Explanation: source can be transformed the following way:

• Swap indices 0 and 1: source = [2,1,3,4]
• Swap indices 2 and 3: source = [2,1,4,3]

The Hamming distance of source and target is 1 as they differ in 1 position: index 3.

Example 2:

Input: source = [1,2,3,4], target = [1,3,2,4], allowedSwaps = []

Output: 2

Explanation: There are no allowed swaps.

The Hamming distance of source and target is 2 as they differ in 2 positions: index 1 and index 2.

Example 3:

Input: source = [5,1,2,4,3], target = [1,5,4,2,3], allowedSwaps = [[0,4],[4,2],[1,3],[1,4]]

Output: 0

Constraints:

• n == source.length == target.length
• 1 <= n <= 10^5
• 1 <= source[i], target[i] <= 10^5
• 0 <= allowedSwaps.length <= 10^5
• allowedSwaps[i].length == 2
• 0 <= a_i, b_i <= n - 1
• a_i != b_i

## Solution

Use union set to find the disjoint sets of indices, where the indices in each set can be swapped from allowedSwaps. For each disjoint set, obtain the number of occurrences of each number in source and target. If the numbers of occurrences of a number is difference from the two arrays, then calculate the Hamming Distance using the sum of absolute differences divided by 2.

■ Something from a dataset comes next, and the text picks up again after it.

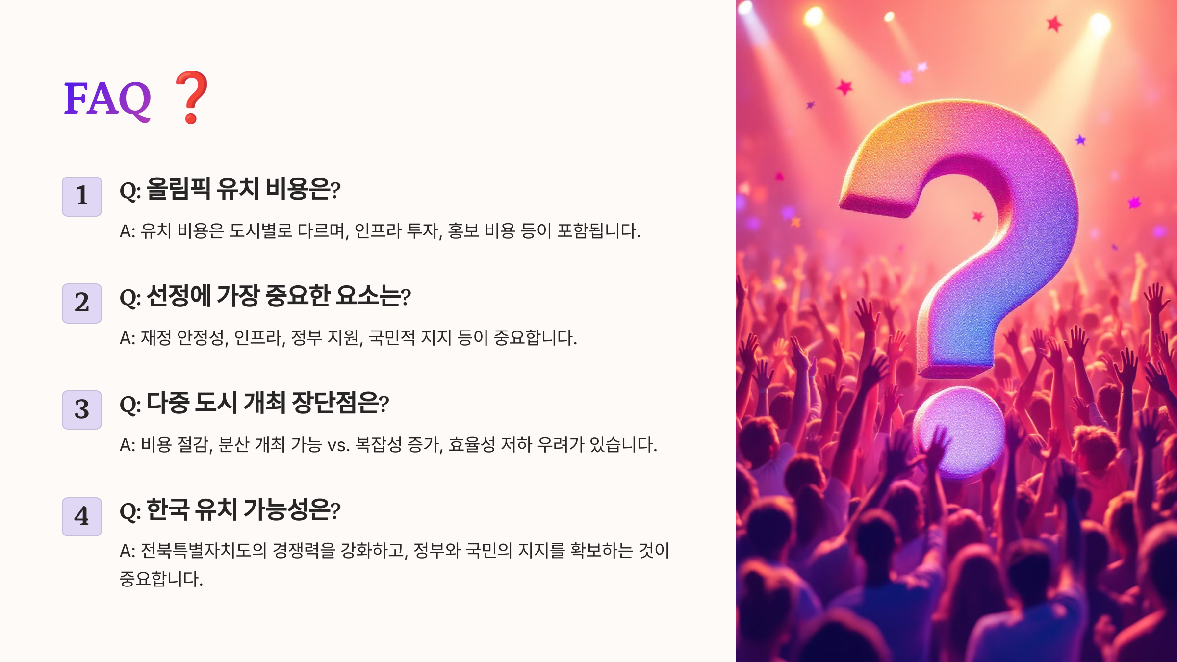 A3. 인프라 개선, 관광객 증가 같은 긍정적 효과가 있지만, 과도한 지출로 부채가 늘어날 위험도 있어요.

After all disjoint sets’ Hamming Distances are calculated, return the sum of all Hamming Distances.

class Solution {
public int minimumHammingDistance(int[] source, int[] target, int[][] allowedSwaps) {
int length = source.length;
int[] parent = new int[length];
for (int i = 0; i < length; i++)
parent[i] = i;
for (int[] swap : allowedSwaps) {
int index1 = swap[0], index2 = swap[1];
if (find(parent, index1) != find(parent, index2))
union(parent, index1, index2);
}
Map<Integer, List<Integer>> map = new HashMap<Integer, List<Integer>>();
for (int i = 0; i < length; i++) {
int root = find(parent, i);
List<Integer> indices = map.getOrDefault(root, new ArrayList<Integer>());
map.put(root, indices);
}
int distance = 0;
for (Map.Entry<Integer, List<Integer>> entry : map.entrySet()) {
Map<Integer, Integer> counts = new HashMap<Integer, Integer>();
List<Integer> indices = entry.getValue();
int size = indices.size();
for (int i = 0; i < size; i++) {
int index = indices.get(i);
int num1 = source[index], num2 = target[index];
int count1 = counts.getOrDefault(num1, 0) + 1;
if (count1 != 0)
counts.put(num1, count1);
else
counts.remove(num1);
int count2 = counts.getOrDefault(num2, 0) - 1;
if (count2 != 0)
counts.put(num2, count2);
else
counts.remove(num2);
}
for (Map.Entry<Integer, Integer> countEntry : counts.entrySet())
distance += Math.abs(countEntry.getValue());
}
return distance / 2;
}

public void union(int[] parent, int index1, int index2) {
parent[find(parent, index1)] = find(parent, index2);
}

public int find(int[] parent, int index) {
while (parent[index] != index) {
parent[index] = find(parent, parent[index]);
index = parent[index];
}
return index;
}
}